Today, I want to focus on data profiling. Data profiling is the analysis of data content in conjunction with every new and existing application effort. We can profile batch data, near/real time data, structured and non-structured data, or any data asset meaningful to the organization. Data profiling provides organizations the ability to analyze large amounts of data quickly in a systematic and repeatable process. Data profiling will provide your organization with a methodical, repeatable, consistent, and metrics-based means to evaluate your data. You should constantly evaluate your data given its dynamic nature.

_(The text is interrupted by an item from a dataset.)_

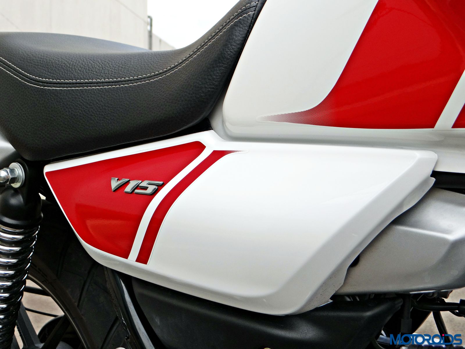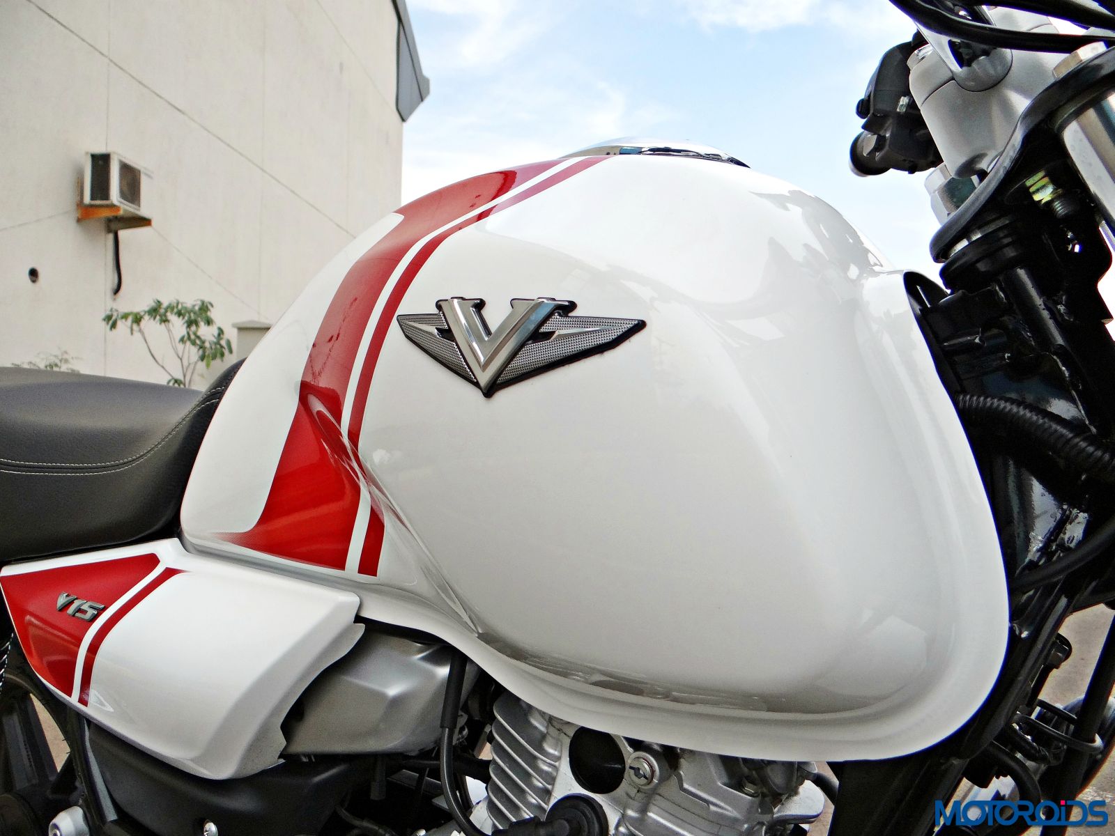 The chiselled fuel tank gets a 3D chrome V emblem while the side panel gets V15 badge

I like to break down data profiling into the following categories:

  • Column Profiling, where all the values are analyzed within each column or attribute. The objective is to discover the true metadata and uncover data content quality problems
  • Dependency Profiling, where each attribute is compared in relation to every other attribute within a table where we’re looking for dependency relationships. The focus is on the discovery of functional dependencies; primary keys; and quality problems due to data structure.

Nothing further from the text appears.